If A and B are the same size, then broadcasting is the same as mapping.

In-Depth Julia 1: Special Broadcasting Syntax

One major area (which is under a lot of active development) is the specialized broadcasting syntax. The short summary is, putting a . with a function or operator causes it to broadcast. For example, we can broadcast any function with the syntax f.(x), and broadcast operators by .+ and related. For example:


In [4]:
A = 1:5
B = [2;3;4;5;6]
A.*B


Out[4]:
5-element Array{Int64,1}:
  2
  6
 12
 20
 30

People coming from MATLAB might recognize this as "element-wise multiplication". If this was a basic introduction to Julia, I'd say this was element-wise multiplication and be done with it. However, this is the non-trivial introduction. [Note: Some of this is not true right now (v0.5) but is becoming true...].

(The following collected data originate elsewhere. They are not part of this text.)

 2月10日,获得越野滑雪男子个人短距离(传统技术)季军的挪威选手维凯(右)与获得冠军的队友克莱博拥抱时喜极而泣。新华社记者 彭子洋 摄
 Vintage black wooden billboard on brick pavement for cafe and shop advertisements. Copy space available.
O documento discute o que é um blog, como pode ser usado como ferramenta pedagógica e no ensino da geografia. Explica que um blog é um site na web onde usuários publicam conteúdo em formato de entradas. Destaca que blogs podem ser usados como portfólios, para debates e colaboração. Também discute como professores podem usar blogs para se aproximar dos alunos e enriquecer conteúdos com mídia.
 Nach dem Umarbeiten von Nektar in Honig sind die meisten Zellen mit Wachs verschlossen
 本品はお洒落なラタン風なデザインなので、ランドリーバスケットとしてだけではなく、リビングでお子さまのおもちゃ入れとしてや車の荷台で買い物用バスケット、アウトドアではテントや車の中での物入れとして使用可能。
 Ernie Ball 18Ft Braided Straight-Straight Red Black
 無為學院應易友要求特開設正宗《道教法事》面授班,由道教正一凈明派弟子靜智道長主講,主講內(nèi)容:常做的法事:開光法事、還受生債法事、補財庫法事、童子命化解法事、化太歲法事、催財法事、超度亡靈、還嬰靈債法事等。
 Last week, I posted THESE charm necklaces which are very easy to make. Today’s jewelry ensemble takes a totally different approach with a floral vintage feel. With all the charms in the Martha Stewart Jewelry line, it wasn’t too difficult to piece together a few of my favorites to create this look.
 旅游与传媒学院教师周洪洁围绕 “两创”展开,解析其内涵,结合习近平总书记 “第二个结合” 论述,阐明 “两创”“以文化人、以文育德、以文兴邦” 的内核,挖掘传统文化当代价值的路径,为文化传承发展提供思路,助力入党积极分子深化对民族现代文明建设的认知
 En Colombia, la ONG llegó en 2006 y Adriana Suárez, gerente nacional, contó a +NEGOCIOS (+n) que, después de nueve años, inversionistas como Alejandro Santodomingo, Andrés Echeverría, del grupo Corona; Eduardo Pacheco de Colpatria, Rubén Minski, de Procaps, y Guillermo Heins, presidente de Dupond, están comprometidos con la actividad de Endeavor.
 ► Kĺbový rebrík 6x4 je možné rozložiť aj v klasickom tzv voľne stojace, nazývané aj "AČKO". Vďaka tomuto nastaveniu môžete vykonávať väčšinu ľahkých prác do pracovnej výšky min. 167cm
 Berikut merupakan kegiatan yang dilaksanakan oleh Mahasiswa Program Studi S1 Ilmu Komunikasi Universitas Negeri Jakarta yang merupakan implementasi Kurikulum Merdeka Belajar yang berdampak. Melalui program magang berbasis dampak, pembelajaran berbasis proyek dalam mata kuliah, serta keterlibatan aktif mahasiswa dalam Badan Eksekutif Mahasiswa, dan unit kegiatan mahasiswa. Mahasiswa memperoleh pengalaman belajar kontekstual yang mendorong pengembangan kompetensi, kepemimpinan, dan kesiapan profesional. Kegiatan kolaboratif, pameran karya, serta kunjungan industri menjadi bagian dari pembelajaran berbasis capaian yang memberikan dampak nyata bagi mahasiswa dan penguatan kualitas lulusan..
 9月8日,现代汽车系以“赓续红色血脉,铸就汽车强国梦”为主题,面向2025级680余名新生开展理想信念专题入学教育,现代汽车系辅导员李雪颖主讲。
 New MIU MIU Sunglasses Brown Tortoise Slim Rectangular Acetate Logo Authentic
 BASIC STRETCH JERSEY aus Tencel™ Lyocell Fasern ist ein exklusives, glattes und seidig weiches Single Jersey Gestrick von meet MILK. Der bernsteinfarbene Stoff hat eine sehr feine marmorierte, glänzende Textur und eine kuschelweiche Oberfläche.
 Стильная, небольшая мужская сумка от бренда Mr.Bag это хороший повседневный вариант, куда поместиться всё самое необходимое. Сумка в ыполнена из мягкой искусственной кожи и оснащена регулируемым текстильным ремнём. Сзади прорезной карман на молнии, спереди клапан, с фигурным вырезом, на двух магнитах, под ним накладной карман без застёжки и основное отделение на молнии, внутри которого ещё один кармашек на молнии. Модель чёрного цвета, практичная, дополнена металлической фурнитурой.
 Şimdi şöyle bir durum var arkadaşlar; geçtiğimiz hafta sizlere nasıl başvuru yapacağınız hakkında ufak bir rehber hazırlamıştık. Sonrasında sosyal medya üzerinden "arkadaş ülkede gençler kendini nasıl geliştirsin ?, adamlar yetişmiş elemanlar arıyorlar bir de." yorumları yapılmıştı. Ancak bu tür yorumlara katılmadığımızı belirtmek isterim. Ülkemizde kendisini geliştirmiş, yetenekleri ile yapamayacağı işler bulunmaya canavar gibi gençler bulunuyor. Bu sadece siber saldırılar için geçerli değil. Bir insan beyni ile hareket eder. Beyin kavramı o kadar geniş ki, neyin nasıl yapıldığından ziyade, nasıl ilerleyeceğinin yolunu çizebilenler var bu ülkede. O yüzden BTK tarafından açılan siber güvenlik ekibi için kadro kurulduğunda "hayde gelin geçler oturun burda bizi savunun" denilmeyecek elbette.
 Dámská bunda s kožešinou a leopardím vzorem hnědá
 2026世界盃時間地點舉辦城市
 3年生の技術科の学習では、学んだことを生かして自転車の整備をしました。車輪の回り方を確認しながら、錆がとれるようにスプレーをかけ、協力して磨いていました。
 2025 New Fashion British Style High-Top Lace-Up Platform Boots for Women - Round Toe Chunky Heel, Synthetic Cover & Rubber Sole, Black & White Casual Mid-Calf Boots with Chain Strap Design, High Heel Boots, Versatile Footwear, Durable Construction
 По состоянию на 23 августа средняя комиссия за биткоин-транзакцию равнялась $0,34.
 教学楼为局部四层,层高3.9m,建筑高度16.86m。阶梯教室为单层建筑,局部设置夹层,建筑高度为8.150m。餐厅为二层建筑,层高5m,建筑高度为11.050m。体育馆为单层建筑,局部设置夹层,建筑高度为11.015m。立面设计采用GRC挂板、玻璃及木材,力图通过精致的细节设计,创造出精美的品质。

While it looks the same to the user, the implementation is very different In MATLAB and earlier versions of Julia, .* was an operator. In Julia's more refined world, we can explain this as .*{T<:Number,N}(x::Array{T,N},y::Array{T,N}) being a function, and A.*B calling this function. However, if .* is just a function, then


In [5]:
C = [3;4;5;2;1]
A.*B.*C


Out[5]:
5-element Array{Int64,1}:
  6
 24
 60
 40
 30

the operation A.*B.*C actually expands into .*(A,.*(B,C)). Let's think of how we'd implement .*.


Question 1

How would you implement broadcast_mult as a function (not using broadcast)? Don't peak below!



In [10]:
function broadcast_mult(x,y)
    output = similar(x) # Makes an array of similar size and shape as x
    for i in eachindex(x) # Let the iterator choose the fast linear indexing for x
        output[i] = x[i]*y[i]
    end
    output
end


Out[10]:
broadcast_mult (generic function with 3 methods)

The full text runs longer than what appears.